All over Ireland, candles on Church Advent Wreaths are being lit as the weeks advance throughout December, stirring excitement in the hearts of parishioners.
Thecity.ie reporter Sarah Reilly chatted with two Dublin Priests about the season of Advent and all that is Christmas.
According to Fr. Ó Cochláin from St. Canices Church in Finglas, many people love the period of preparation and waiting that Advent brings. “The number of people attending daily Mass rises, as Advent is a great preparation for our celebration of Christmas. The Scripture readings at Mass are woven beautifully and form a programme to prepare our hearts and souls for the coming of Jesus. Sundays too see a small rise in attendance, particularly with young parents and their families. They often make an extra effort coming up to Christmas to stop, get off the hurtling whirlwind of spending that is so stressful, and to find the true well of happiness”, he said.
Fr. Cahill from the Church of the Annunciation in Finglas, explained that while people are drawn into the spirit of Advent, he does not see an increase in attendance just yet. “I have not noticed any significant increase in attendance…but I am aware that young people will take-part in a carol service in our Church before Christmas so that might help to increase the numbers”.
When asked why Christmas attracts more people to Church, Fr. O Cochláin said, “That is hard to call. Some come because of personal worry or anxiety. Some come just to be there. Some are not satisfied that the contemporary world contains meaningful values and they wish to find the source of deeper meaning. Some might be conscious that they should make a greater effort in the run up to Christmas and put Jesus Christ first”.
According to Fr. Cahill, there is something about Christmas that touches the hearts of us all. “It seems easy to relate to the birth of a little baby, to the wonder of new life, to the difficulties of a struggling family and to the excitement of sharing”, he said.
Prior to the beginning of Advent, the final Sunday in November is the Feast of Christ the King. Masses on this day draw upon the four final things that await us after we die – Heaven, Hell, Purgatory and Judgement. Despite the poignant symbolism, Fr. Ó Cochláin said, “The theme attracts a number of people to Mass as it mirrors their experiences of losing loved ones and invites them to consider what happens after they die”.

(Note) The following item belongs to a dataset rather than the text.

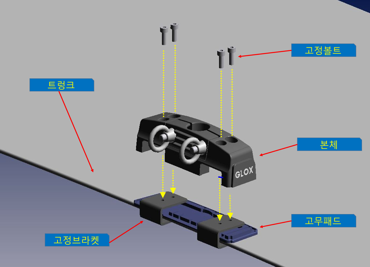 글록스 캐리어 본체는 차량에 고정되며 수십번의 설계 수정으로 강도와 결합력을 높혔습니다.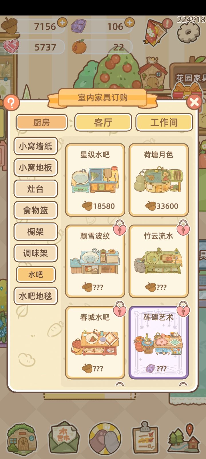 看友友们好多都不知道容量什么的容量跟你能做的数量和能用更多的东西挂钩缝纫台上面的容量为4,就是解锁了装饰区和精品区的,可以做更好的纺织物花束台上面的容量就是表示可以做的数量,灶台也是一样储物柜跟材质柜是一样的容量就是可以装的数量,储物柜是食物,花束一类(还有打工鼠的东西),材质柜是装纺织物的(感觉大家都懂,就随便说说啦👅)

However, he describes Advent as ‘a new ball game’. “It’s a fresh start, a time of waiting for the coming of the Lord. Advent is about things being made new. Two important touchstones appear in the liturgy of the Church – the Advent Wreath and the Jesse Tree. They add a newness and an expectation to the Mass and remind us that just as the people of Israel waited for their first coming of the Messiah, the Church throughout Advent waits for his second coming when Jesus will judge the people with fairness”, he added.
Fr. Cahill describes the Church of the Annunciation’s liturgical decor as “reflecting the spirit of the advent season”. The Advent colour of purple is used extensively around the Church and an empty stable is placed in the sanctuary. According to Fr. Cahill, the stable’s emptiness deepens our longing for Christ. Each week, an additional candle on the Advent Wreath is lit by a member of the congregation and is said to be a symbol of the light of Christ growing stronger in our hearts. “There is a deliberate starkness present on the wreath to draw us into a spirit of waiting”, said Fr. Cahill. The Church of the Annunciation also has a Christmas Tree but it will not be lit up until Christmas Eve.
The Church of the Annunciation will host five Masses in celebration of Christmas – two on Christmas Eve and three on Christmas Day, and according to Fr. Cahill, attendance at the five Masses is expected to reach 5,000.
Meanwhile, hundreds of parishioners are drawn to St. Canices Church every Christmas Eve for their special children’s Mass. According to Fr O’Cochláin, “People come from everywhere, out of the woodwork, out of the nooks and crannies of our parish. Why do they come in such numbers? Where are they for the remainder of the year? Do they come selfishly? Do they come to salve their conscience? Why do they not give Jesus pride of place every weekend by joining the parish at Sunday Mass? Only God knows!”